O (não tão) futuro (não tão) distópico de 3% | Judão

Primeira série Brasileira produzida pelo Netflix estreia nessa sexta-feira em todo o Mundo. Enquanto o elenco se empolga pela presença no serviço de streaming, a história mostra que o tal futuro distópico da série é mais presente do que parece

Starstruck é o ato ou efeito de ficar excitadíssima e/ou paralisada ao encontrar alguma celebridade que, por mais que esteja fazendo a mesma coisa que você num lugar qualquer, ainda é AQUELA pessoa.

Netflix é uma das maiores empresas de entretenimento / tecnologia do Mundo e que, de repente, resolveu tirar do papel a ideia de Pedro Aguilera para um futuro distópico do Brasil. É de se imaginar pernas tremendo, bocas secas e barrigas geladas só de pensar que seu trabalho chegará simultaneamente em trocentos países, numa porrada de línguas, com assunto que o Brasil tem zero tradição... Mas o que parece ter pegado o elenco de 3% é outra coisa. :)

“Tipo, ‘ah, nossa, é mesmo, então só vários países!
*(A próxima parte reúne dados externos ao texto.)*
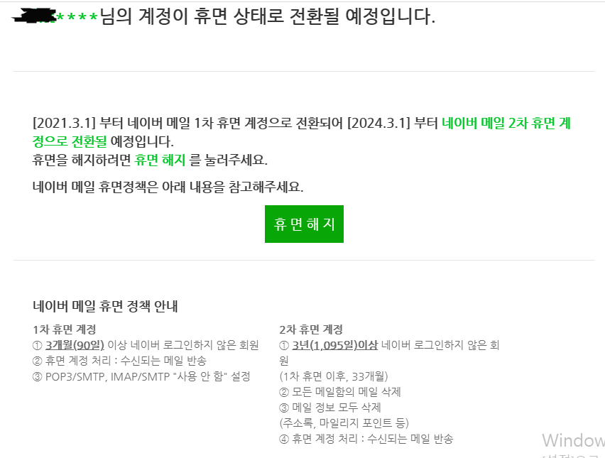 네이버 메일함을 열었는데 제 이메일이 휴면 상태로 전환될 예정이라는 메일이 한 통 와 있더라구요.

Netflix que eu sempre assisti agora a gente vai tá lá! Pra mim, pelo menos, essa ficha tá caindo só agora”, disse Mel Fronckowiak. “É incrível”, continuou Rodolfo Valente. “Eu sou absurdamente fã de todas as séries da Netflix e fazer parte da primeira brasileira original... sabe? (...) Eu sempre sonhei, mas nunca imaginei que um dia isso se concretizaria”.

Bianca Comparato, porém, colocou um pouquinho só os pés no chão. “Primeiro: a gente trabalhou no Brasil. A produção não é diferente de nenhuma série ou filme que a gente fez, que era tudo Brasileiro”, disse. “Na real, eu acho Netflix bem pequena. Ela é gigante porque chega em milhões de países, mas em número de funcionários, eles são muito acessíveis”.

Eu sou absurdamente fã de todas as séries da Netflix e fazer parte da primeira brasileira original... sabe?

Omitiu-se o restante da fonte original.